Normal Volunteer Studies. (a) Axial orientation R2* maps for a single representative volunteer derived from 24 TEs of RSS and OBC reconstructed data at FA=20°. Representative ROIs from peripheral and central regions of liver parenchyma are shown on RSS reconstructed R2* map; (b) SNR plots for peripheral and central ROIs of liver parenchyma; (c) For six normal volunteer studies, boxplots depicting the mean R2* values from the peripheral and central ROIs shown to compare the three methods at truncation thresholds=0, 7, 14, and 20. Top and bottom of each boxplot represents the third (Q3, 75% of the values < Q3) and first quartile (Q1, 25% of the values < Q1) of the data values, respectively. The central bar within each box is the data median, and the upper and lower whiskers are the highest and lowest data values within the upper and lower limits (Upper limit=Q3 + 1.5×(Q3 - Q1); Lower limit=Q1-1.5×(Q3 - Q1)). Signals from the peripheral region of liver parenchyma have higher SNR than signals from the central region at all TEs. Boxplots demonstrate that the R2* values for *Methods A*, B, and C remained relatively constant in the peripheral region of the liver parenchyma for all thresholds (p>0.05). In the central region of liver parenchyma, *Method C (VoxelOBC)* produced significantly different R2* values than both alternative approaches; however, these differences tended to be reduced with increasing truncation threshold.

Discussion

We compared three different approaches to improve R2* measurement accuracy in the setting of low SNR and rapid transverse signal decay. In phantoms, ex vivo animal model, and normal volunteer studies Method C (OBC reconstruction with rigorous SNR calculations for voxel-wise data truncation) consistently provided accurate R2* measurement. For all approaches, truncation proved to be an effective method to reduce R2* measurement error. OBC reconstructed data required less truncation compared to RSS data which required truncation at higher SNR thresholds. However, in practice, the SNR threshold that provides the minimum error may be unknown. With no a priori knowledge of the optimal threshold, Method C is particularly superior to the alternative approaches given the reduced requirement for data truncation.

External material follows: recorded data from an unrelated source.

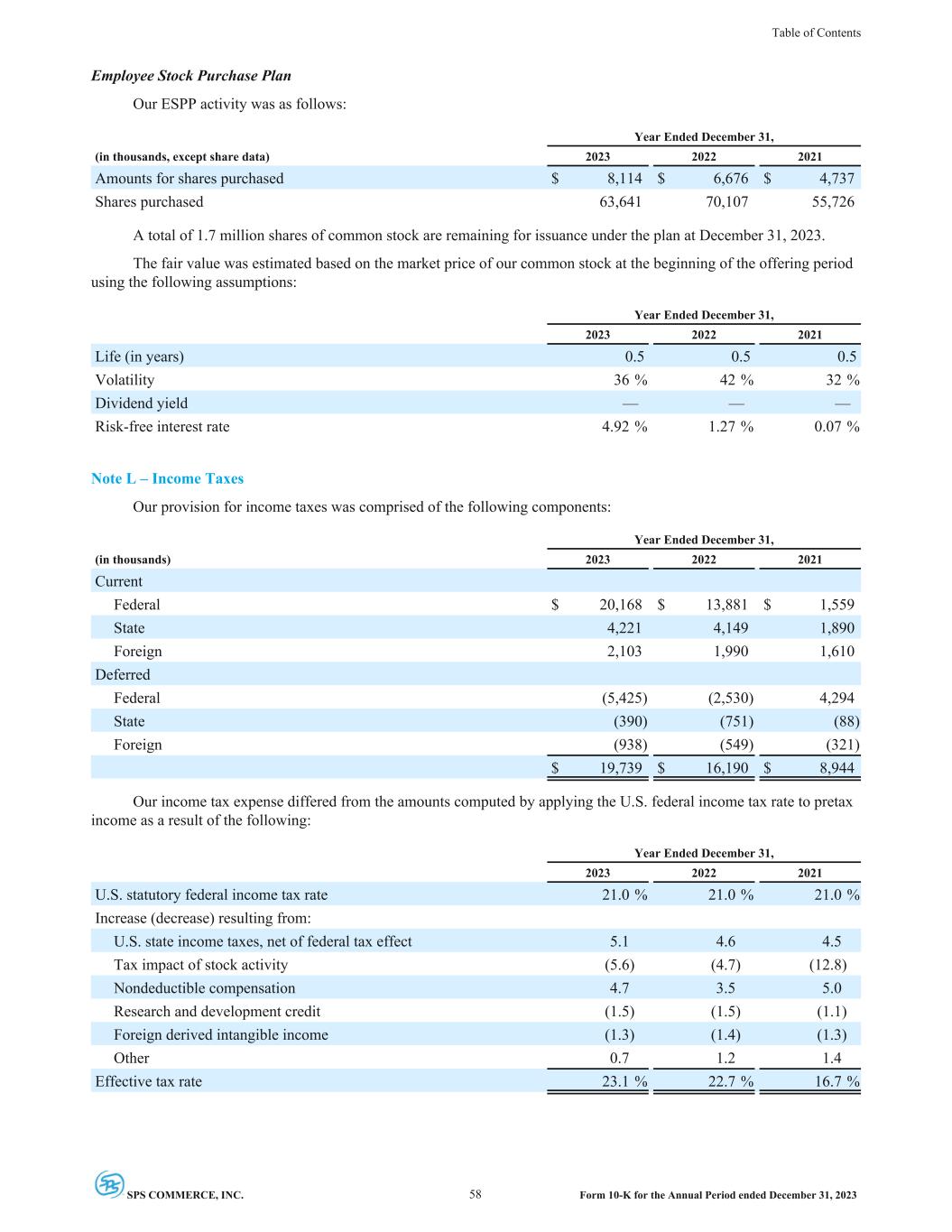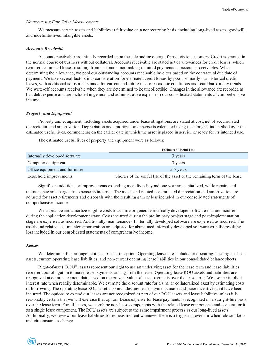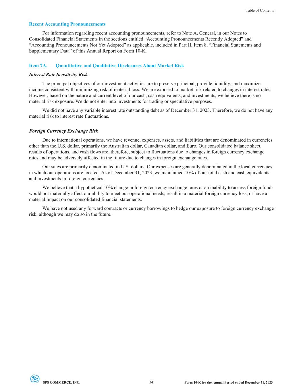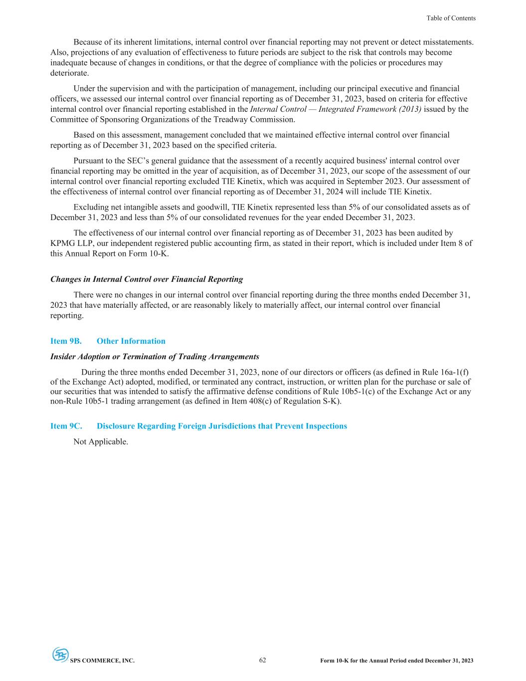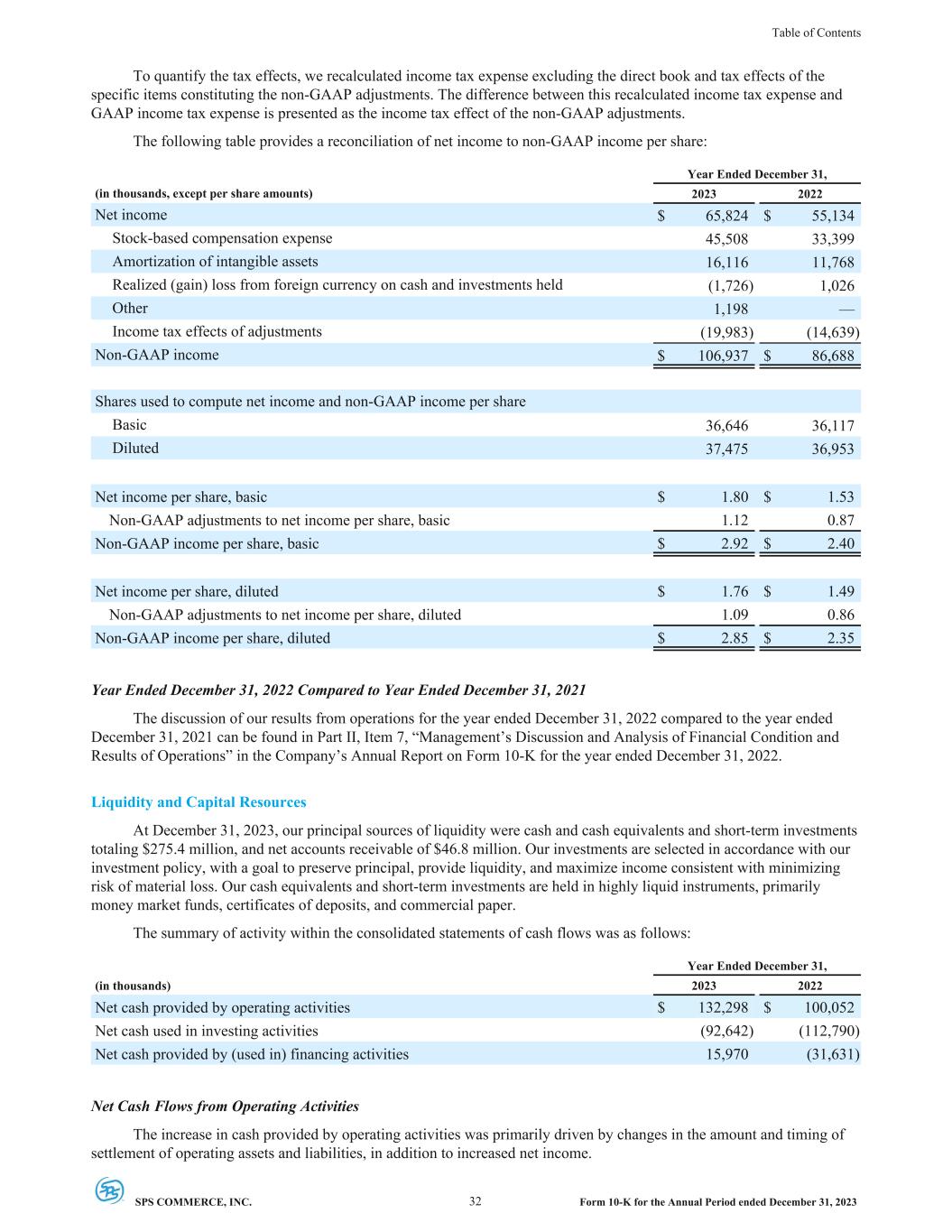 T O O U R S T O C K H O L D E R S In 2023, I joined SPS Commerce knowing the company plays a pivotal role in supply chain automation as retailers and suppliers transition to omnichannel retail. With a full quarter behind me, I can say with conviction that the network SPS has built over the years uniquely positions us to optimize our customers’ supply chain operations. This is demonstrated through our success to date, and I am highly confident our differentiated go-to-market approach will provide an ongoing opportunity for growth. By simplifying the exchange of supply chain data, SPS has become the world’s retail network. By harnessing that data, we can help our customers make their trading partner relationships more collaborative and profitable. As we explore new use cases and adjacencies to leverage the data, we continue to create a strong market position and an undeniable value proposition for trading partners everywhere. Looking back at 2023, the company’s strong performance underscored our ability to execute as macro and retail dynamics continue to evolve. The fourth quarter of 2023 represented our 92nd consecutive quarter of revenue growth and a strong finish to an exciting year. For the full year 2023, revenue grew 19% to $536.9 million. Recurring revenue grew 20% year-over-year led by Fulfillment growth of 20%. Adjusted EBITDA1 grew 19% year-over-year to $157.6 million, resulting in adjusted EBITDA margin1 of 29%. The total number of recurring revenue customers increased 6% year-over-year to approximately 44,800, and wallet share, or average revenue per recurring revenue customer, increased 10% year-over-year to approximately $11,550. Throughout the year we demonstrated ongoing success in expanding our network, helping retailers and suppliers with supply chain automation, and enabling their international expansion. ERP integration is another key component to solving supply chain challenges, and our continued focus on the channel and the strategic partnerships we established over the years play a pivotal role in growing our network. SPS’ ability to deliver world-class solutions includes targeted acquisitions that integrate best in class technology with the SPS platform. In 2023, we continued to expand our portfolio with the acquisition of TIE Kinetix to strengthen our e-invoicing capability and extend our European presence. We also acquired The Order Exchange, one of our technology partners in Australia, who enabled suppliers to link their line of business applications through SPS’ network, unlocking connections to trading partners around the world. In addition, we are advancing our environmental, social and governance endeavors. We are proud of our progress to date and remain committed to effect positive change through environmental stewardship, diversity, equity and inclusion, and giving back to the communities in which we live and work. In closing, I would like to acknowledge all SPS employees around the world for their inherent retail expertise, their commitment to consistent execution, and their drive to deliver the best experience to 120,000 SPS Commerce customers around the globe to date. Combined with our technology roadmap which includes initiatives to further simplify access to the network and continued buildout of trading partner connections, SPS is well positioned to capitalize on growth opportunities today and in the long term, as we continue to execute our vision to be the world’s retail network. Sincerely, Chad Collins CEO 1 Adjusted EBITDA and Adjusted EBITDA Margin are non-GAAP financial measures. We believe that these non-GAAP financial measures provide useful information to our management, board of directors, and investors regarding certain financial and business trends relating to our financial condition and results of operations. Our management uses these non-GAAP financial measures to compare our performance to that of prior periods for trend analyses and planning purposes. Adjusted EBITDA is also used for purposes of determining executive and senior management incentive compensation. These non-GAAP financial measures should not be considered a substitute for, or superior to, financial measures calculated in accordance with GAAP. These non-GAAP financial measures exclude significant expenses and income that are required by GAAP to be recorded in our consolidated financial statements and are subject to inherent limitations. A reconciliation of these non-GAAP measures can be found within the ‘Results of Operations’ section of Part II, Item 7, Management’s Discussion and Analysis of Financial Condition and Results of Operations, within the attached Form 10-K.
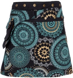 Wunderschöner Minirock mit farbenfrohem Mandalamotiv. Mit der flexiblen Knopfleiste kann der Rock von Größe S-XL getragen werden. Super praktisch ist die kleine Tasche, in der man die wirklich wichtigen Dinge immer dabei hat.
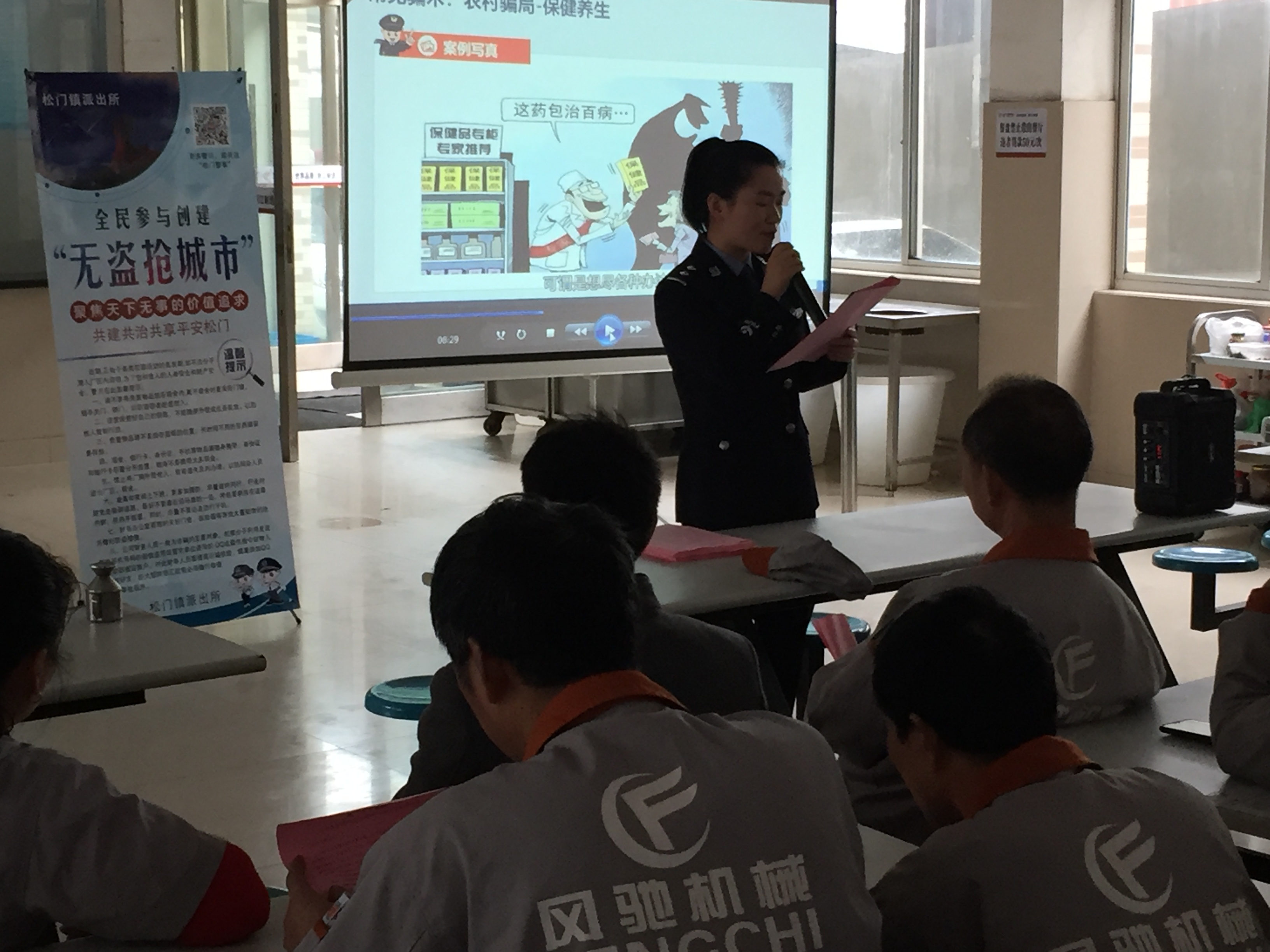 公司為了提高我企業(yè)員工的防盜、防強、防騙意識,同時大力支持創(chuàng)建臺州市“無盜搶城市”宣傳活動,在2019年3月20日下午,我司誠邀松門派出所人員前來給員工上了一堂防盜搶安全知識課,同時播放了創(chuàng)建“無盜搶城市”宣傳視頻。

Our phantom and animal model studies provided a range of R2* values such that we could compare signals and images reconstructed using both RSS and OBC combination methods. When attempting to characterize high R2* values in low SNR settings within a limited time echo range (high intrinsic R2*, low FA or later TEs), RSS signals were greatly impacted by noise bias due to the intrinsic limitations of this multichannel data combination technique. With the use of individual coil-sensitivity profiles, the OBC approach allowed a near-optimal combination of multi-coil signals even at low SNR, reducing the effects of noise on signal data. Conversely, both the RSS and the OBC methods produced near-optimal data for high SNR settings (low intrinsic R2*, higher FA or earlier TEs).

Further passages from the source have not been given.